- YOUR ASSIGNMENT
Omit all pictures. Print the remaining lines exactly, from the start of the data through the line containing "Fendi Baguette Medium".

[Stored data entries]
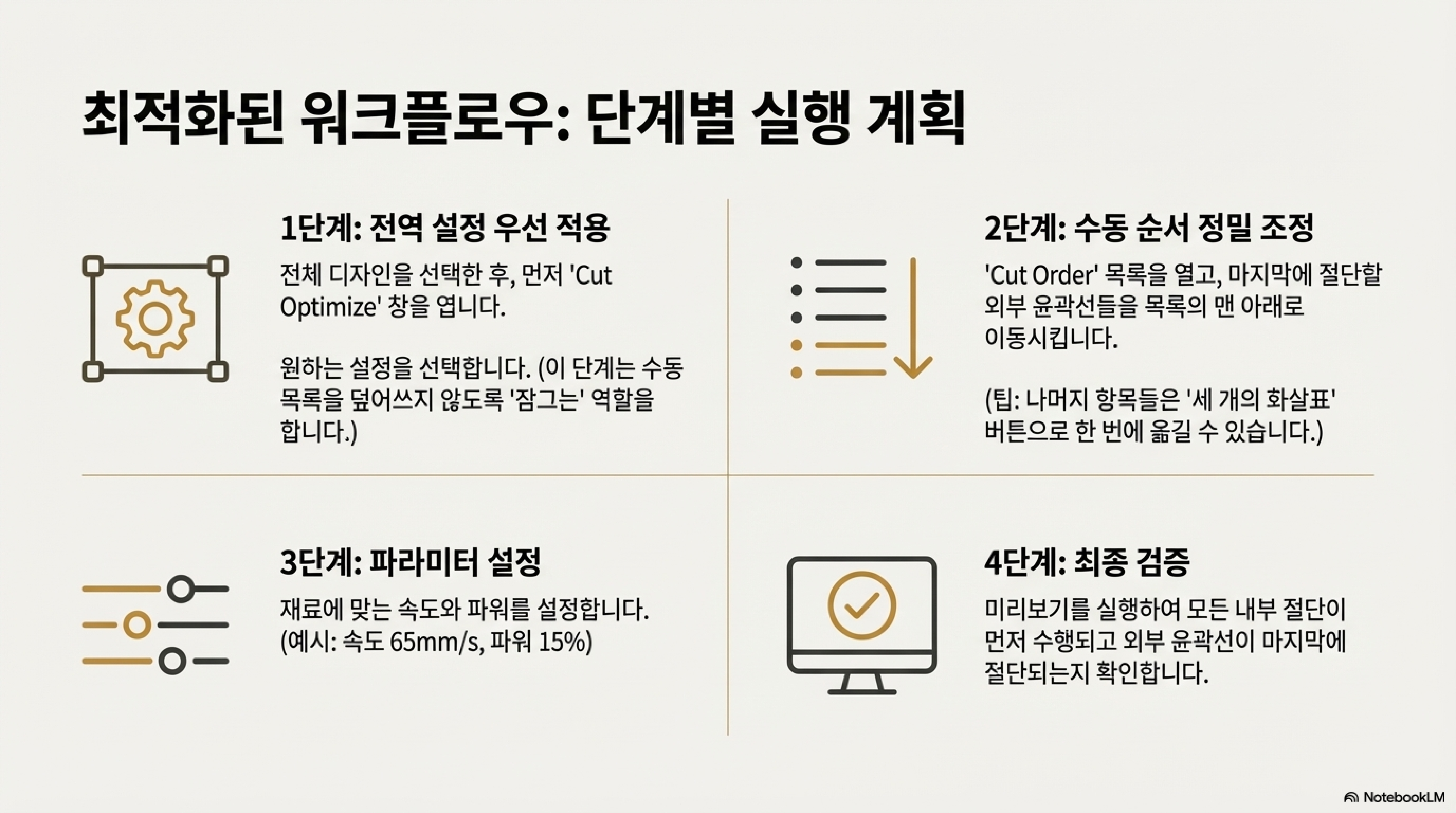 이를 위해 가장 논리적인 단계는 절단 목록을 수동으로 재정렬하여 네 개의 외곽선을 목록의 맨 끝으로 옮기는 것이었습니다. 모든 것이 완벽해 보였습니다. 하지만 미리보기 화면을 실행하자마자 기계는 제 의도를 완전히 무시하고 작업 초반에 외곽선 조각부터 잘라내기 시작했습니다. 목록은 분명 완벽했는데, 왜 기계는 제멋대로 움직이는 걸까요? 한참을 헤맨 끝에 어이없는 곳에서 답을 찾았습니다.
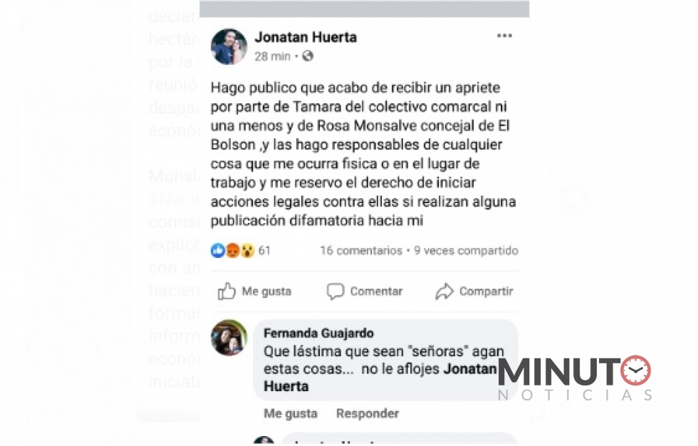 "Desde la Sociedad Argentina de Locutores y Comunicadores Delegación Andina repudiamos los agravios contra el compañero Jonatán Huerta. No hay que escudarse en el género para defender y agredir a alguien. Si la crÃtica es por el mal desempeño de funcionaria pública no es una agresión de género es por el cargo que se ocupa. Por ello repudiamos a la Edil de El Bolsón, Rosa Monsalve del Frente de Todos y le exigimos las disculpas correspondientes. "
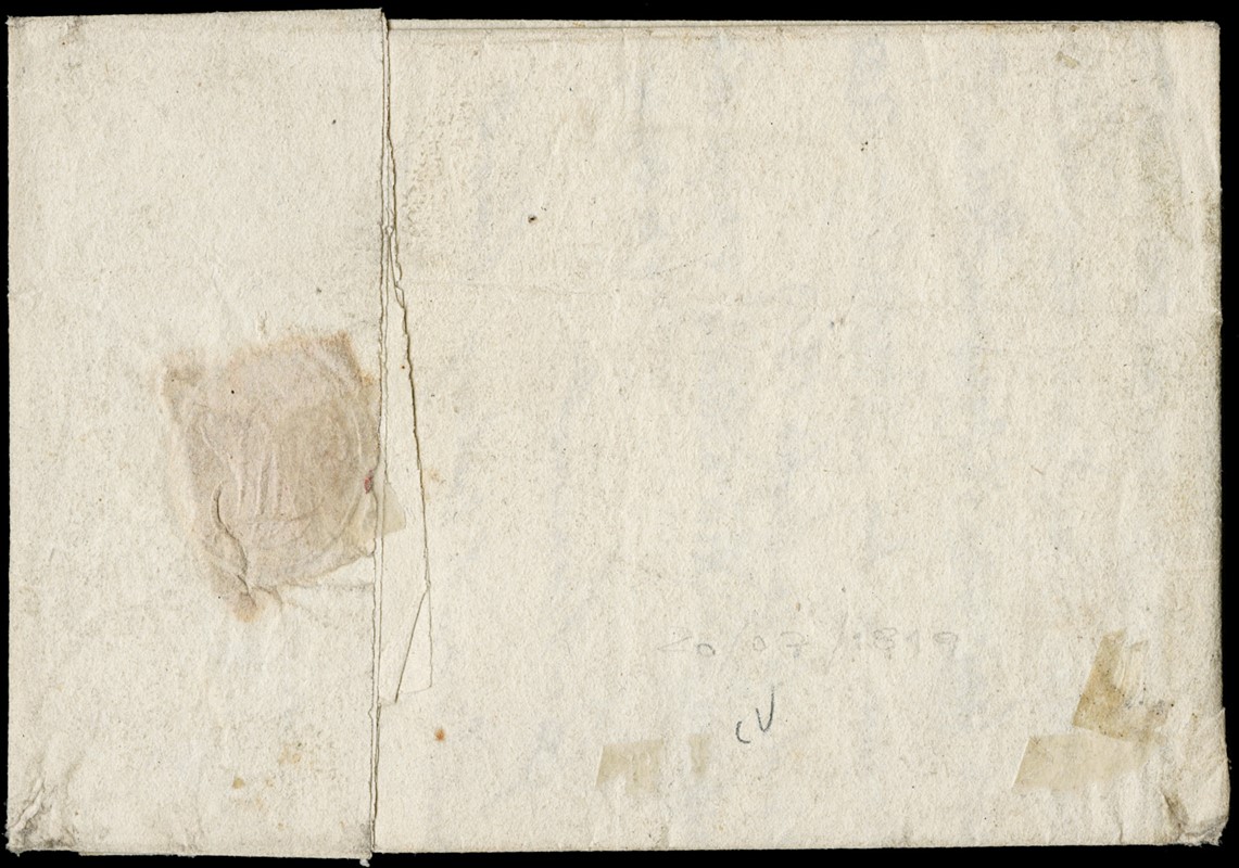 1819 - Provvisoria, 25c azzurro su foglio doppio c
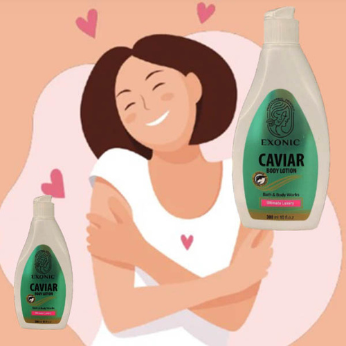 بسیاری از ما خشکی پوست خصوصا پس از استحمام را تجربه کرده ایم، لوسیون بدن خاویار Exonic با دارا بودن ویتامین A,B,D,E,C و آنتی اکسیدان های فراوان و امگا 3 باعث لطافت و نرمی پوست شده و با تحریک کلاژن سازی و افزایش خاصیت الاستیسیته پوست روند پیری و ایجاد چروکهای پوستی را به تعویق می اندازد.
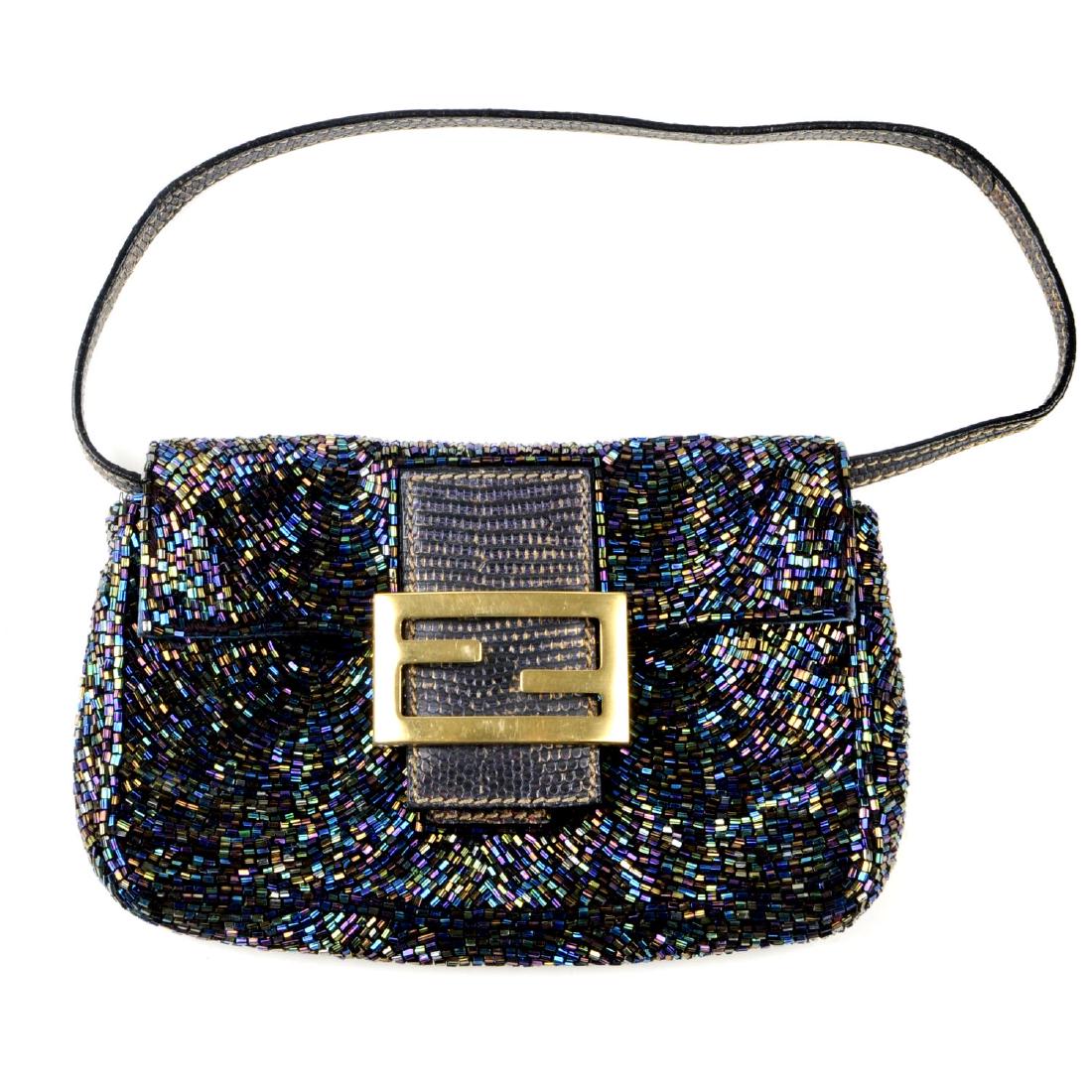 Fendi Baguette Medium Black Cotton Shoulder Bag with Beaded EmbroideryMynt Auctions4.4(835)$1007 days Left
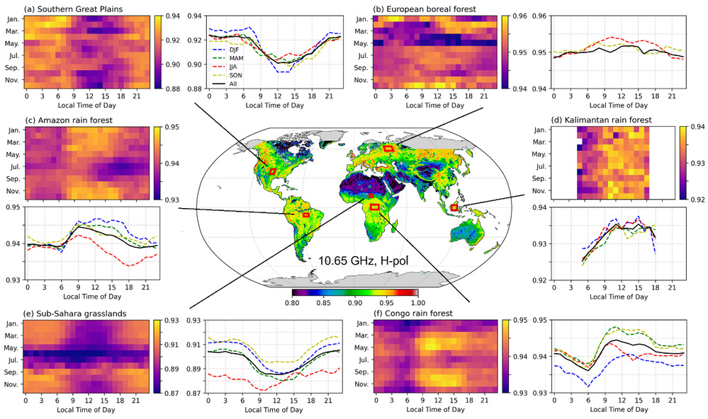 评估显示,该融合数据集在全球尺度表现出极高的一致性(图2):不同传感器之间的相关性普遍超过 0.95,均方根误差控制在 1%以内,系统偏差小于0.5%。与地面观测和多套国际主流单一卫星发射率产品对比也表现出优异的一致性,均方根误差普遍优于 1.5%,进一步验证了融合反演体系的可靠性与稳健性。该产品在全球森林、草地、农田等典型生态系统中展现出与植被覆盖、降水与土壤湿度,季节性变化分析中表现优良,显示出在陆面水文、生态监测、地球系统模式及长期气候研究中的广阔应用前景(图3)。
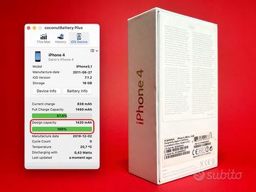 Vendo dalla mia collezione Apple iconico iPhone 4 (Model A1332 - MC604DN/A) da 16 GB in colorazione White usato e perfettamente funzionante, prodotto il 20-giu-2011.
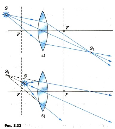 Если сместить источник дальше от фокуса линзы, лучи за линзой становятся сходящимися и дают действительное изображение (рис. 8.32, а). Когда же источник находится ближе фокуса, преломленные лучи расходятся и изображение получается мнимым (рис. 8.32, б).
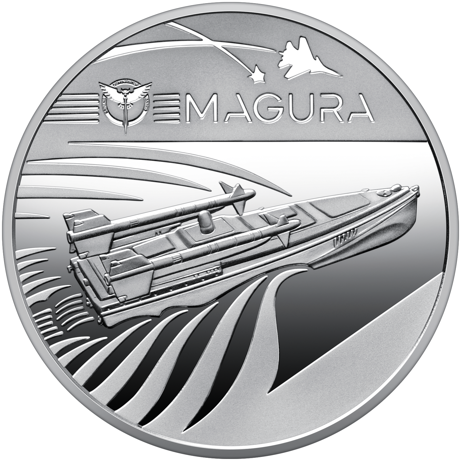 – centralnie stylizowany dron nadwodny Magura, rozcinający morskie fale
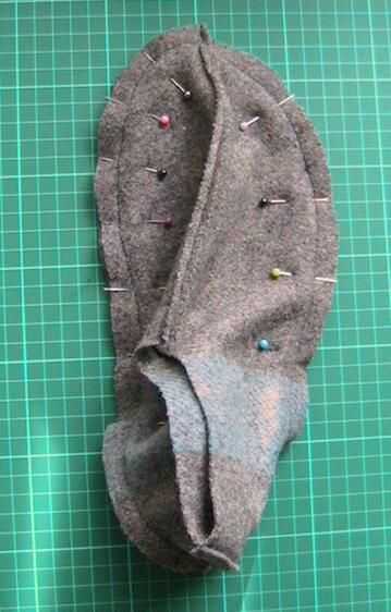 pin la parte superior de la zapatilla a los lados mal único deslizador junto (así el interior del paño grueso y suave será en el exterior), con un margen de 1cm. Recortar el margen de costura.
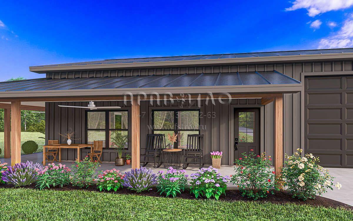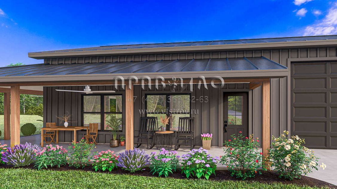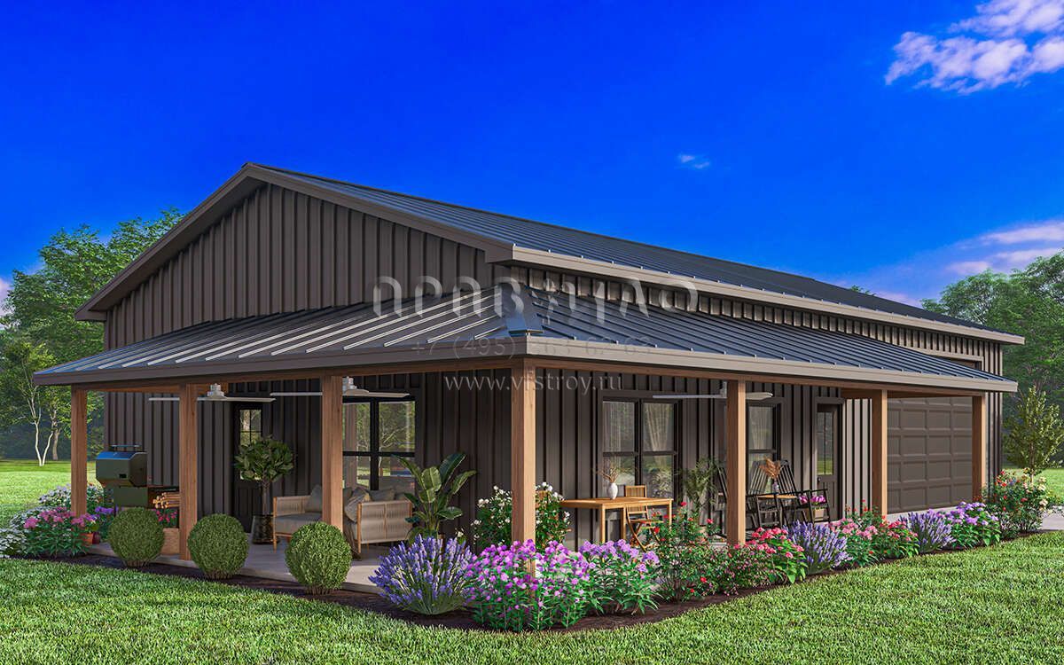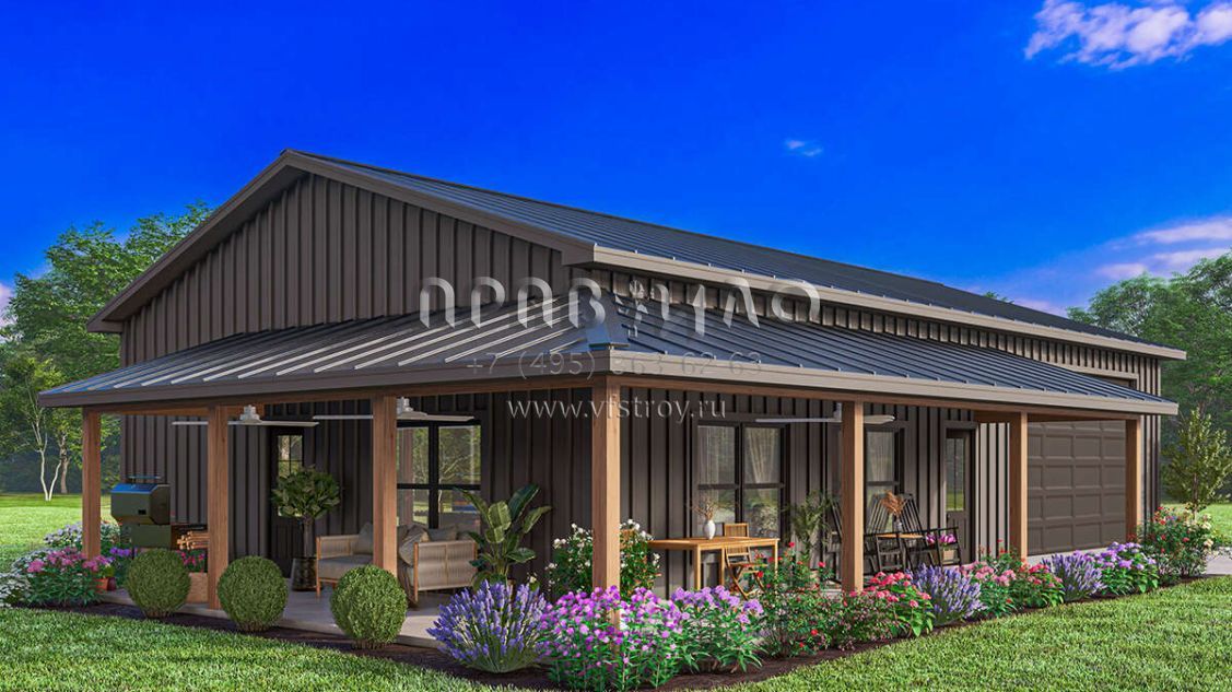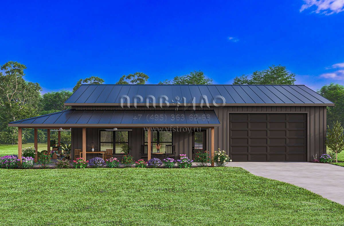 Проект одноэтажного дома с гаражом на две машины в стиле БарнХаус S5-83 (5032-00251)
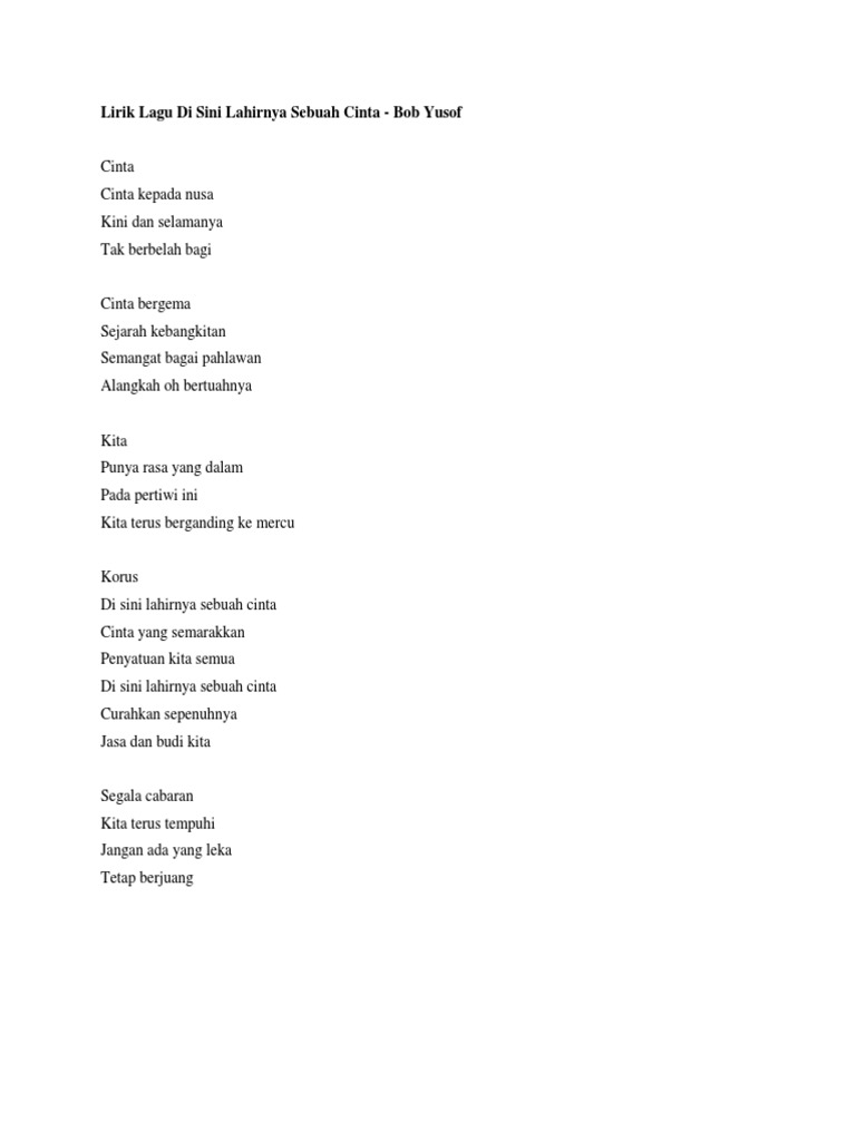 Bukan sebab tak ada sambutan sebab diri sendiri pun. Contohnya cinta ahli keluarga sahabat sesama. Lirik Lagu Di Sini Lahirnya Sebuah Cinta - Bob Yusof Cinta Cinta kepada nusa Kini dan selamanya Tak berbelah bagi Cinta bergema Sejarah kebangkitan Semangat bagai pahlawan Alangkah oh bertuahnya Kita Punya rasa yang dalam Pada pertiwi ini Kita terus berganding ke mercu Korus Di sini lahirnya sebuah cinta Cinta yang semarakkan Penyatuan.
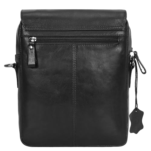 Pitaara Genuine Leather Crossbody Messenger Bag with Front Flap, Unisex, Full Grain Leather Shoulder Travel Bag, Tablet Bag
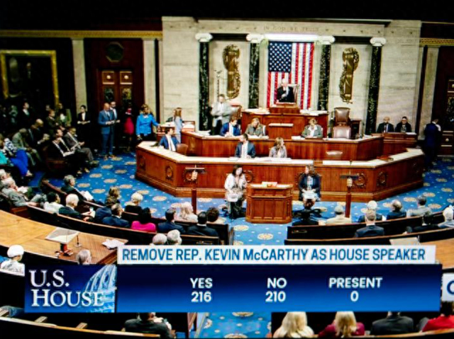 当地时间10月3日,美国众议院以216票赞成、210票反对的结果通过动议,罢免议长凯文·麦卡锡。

- RESPONSE FOR THIS EXERCISE
 이를 위해 가장 논리적인 단계는 절단 목록을 수동으로 재정렬하여 네 개의 외곽선을 목록의 맨 끝으로 옮기는 것이었습니다. 모든 것이 완벽해 보였습니다. 하지만 미리보기 화면을 실행하자마자 기계는 제 의도를 완전히 무시하고 작업 초반에 외곽선 조각부터 잘라내기 시작했습니다. 목록은 분명 완벽했는데, 왜 기계는 제멋대로 움직이는 걸까요? 한참을 헤맨 끝에 어이없는 곳에서 답을 찾았습니다.
 "Desde la Sociedad Argentina de Locutores y Comunicadores Delegación Andina repudiamos los agravios contra el compañero Jonatán Huerta. No hay que escudarse en el género para defender y agredir a alguien. Si la crÃtica es por el mal desempeño de funcionaria pública no es una agresión de género es por el cargo que se ocupa. Por ello repudiamos a la Edil de El Bolsón, Rosa Monsalve del Frente de Todos y le exigimos las disculpas correspondientes. "
 1819 - Provvisoria, 25c azzurro su foglio doppio c
 بسیاری از ما خشکی پوست خصوصا پس از استحمام را تجربه کرده ایم، لوسیون بدن خاویار Exonic با دارا بودن ویتامین A,B,D,E,C و آنتی اکسیدان های فراوان و امگا 3 باعث لطافت و نرمی پوست شده و با تحریک کلاژن سازی و افزایش خاصیت الاستیسیته پوست روند پیری و ایجاد چروکهای پوستی را به تعویق می اندازد.
 Fendi Baguette Medium Black Cotton Shoulder Bag with Beaded EmbroideryMynt Auctions4.4(835)$1007 days Left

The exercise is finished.